Lev Dmitrievich Gudkov (Лев Дмитриевич Гудков; 6 December 1946) is a Russian sociologist and one of the leading researchers of Russian public opinion. He was the director of the Levada Center from 2006 to 2021 and has since served as the center's academic supervisor. He is also the editor-in-chief of the Russian Public Opinion Herald. He is known for developing, together with Yuri Levada, the concept of “Homo Sovieticus” (“Soviet Man”). In 2025, he was designated as a “foreign agent” by the Russian Ministry of Justice. Gudkov has been described as the “Galileo Galilei” of Russian sociology.

==Early life and education==

Gudkov was born on 6 December 1946.

He studied journalism, sociology, and philology at the Lomonosov Moscow State University and graduated in 1971. From 1970 to 1973, Gudkov worked for the department of methodology of researching social processes at the Russian Academy of Sciences.

In the following four years until 1977, Gudkov was an employee of the department of philosophy and sociology at the Institute for Scientific Information on Social Studies, which belongs to the Russian Academy of Sciences. He continued his post-graduate studies at the Institute for Philosophy of the Russian Academy of Sciences until 1977. His dissertation concerned Max Weber's concept of the methodology of social sciences and the German tradition of the understanding of sociology.

==Career==

From 1977 to 1984, Gudkov was a senior researcher of the Sociology Department at the Russian State Library.Between 1984 and 1986, he worked as one of the leading scientific employees at the Sociology Department of the Design Research Institute. Gudkov was the senior scientific employee of the All-Union book chamber from 1986 until 1988. In 1988, he started working for VCIOM, and became one of the leading scientists of the research center soon thereafter. Three years later, in 1991, Gudkov was made the head of the theory and later the sociopolitical department of research at VCIOM.

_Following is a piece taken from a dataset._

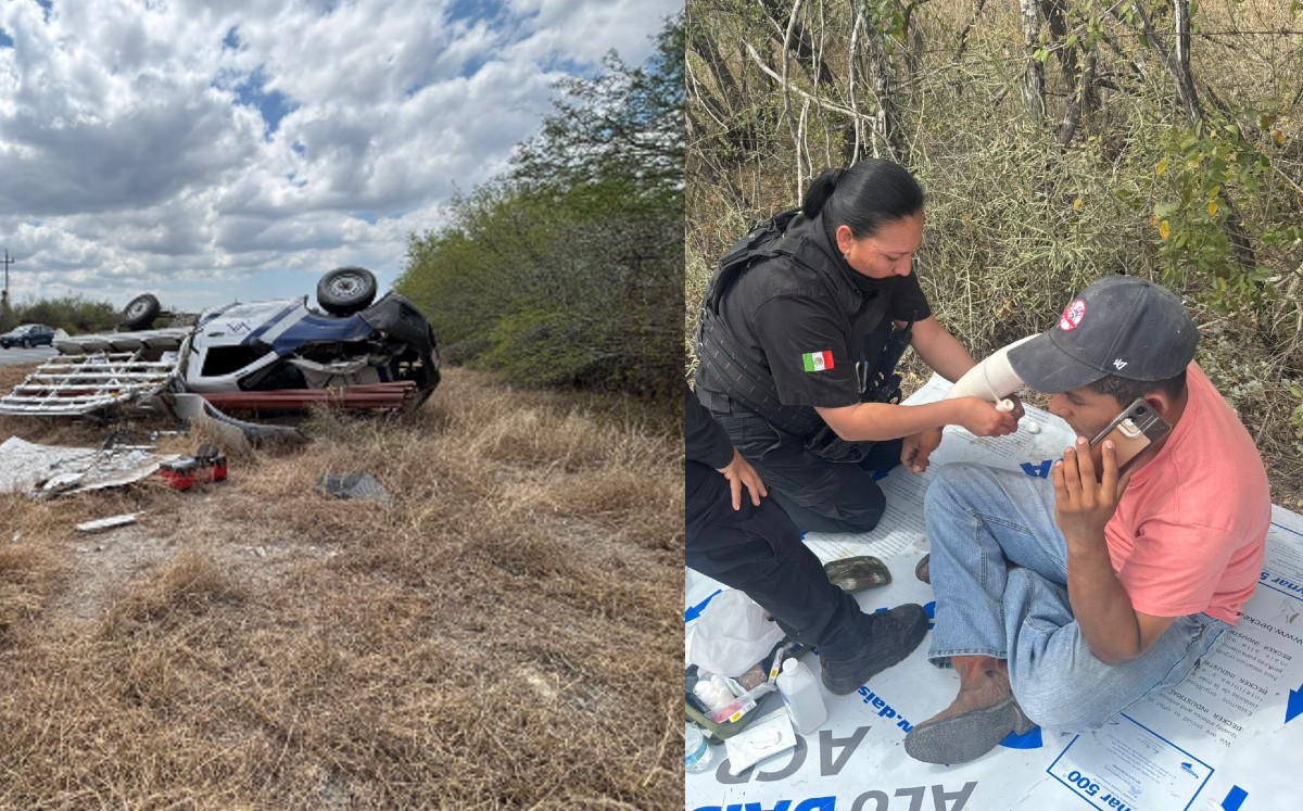 Vuelca auto tras derrapar sobre la carretera Victoria-Matamoros; deja una persona lesionada

Gudkov participated in all research projects at VCIOM during the period when the center was administered by Yuri Levada, such as;
- “The Soviet person from 1989 to 2003”
- “Bureaucracy”
- “Russian nationalism”
- “Results of a year: The society from 1989 to 2003”
In 1995, Gudkov completed his PhD.
===Work at the Levada Center===
In 2003 internal problems appeared at VCIOM, Gudkov and Yuri Levada left with the majority of employees to work for Yuri Levada's newly founded centre, the Levada Center. After Yuri Levada's death in 2006, Gudkov followed as director of the Levada Center, by a unanimous decision of the board of the centre. Since December 2006 Gudkov has worked as the editor-in-chief of the magazine The Russian Public Opinion Herald.

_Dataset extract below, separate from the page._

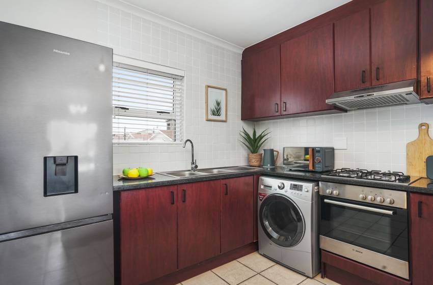 Upon entering the property, you'll immediately feel at home, as the inviting atmosphere created by warm décor and thoughtful furnishings welcomes you. The open-plan kitchen, fully equipped, enables easy meal preparation. The island is paired with bar stools, creating an inviting space for enjoying delicious family meals together. The property also features a washing machine for added convenience.

Gudkov also worked as a lecturer. In 1994, he lectured sociology at the Jewish University of Moscow. From 1996 to 2004 and in 2006, he was a lecturer in sociology at the Russian State University for the Humanities. Additionally, from 2005 to 2007 he gave lecture and seminars on the topic “Russia – a transitional society?—Cultural and institutional factors of socio-political conservatism in post-Soviet Russia” at the department of Political Science at the Moscow School of Social and Economic Sciences.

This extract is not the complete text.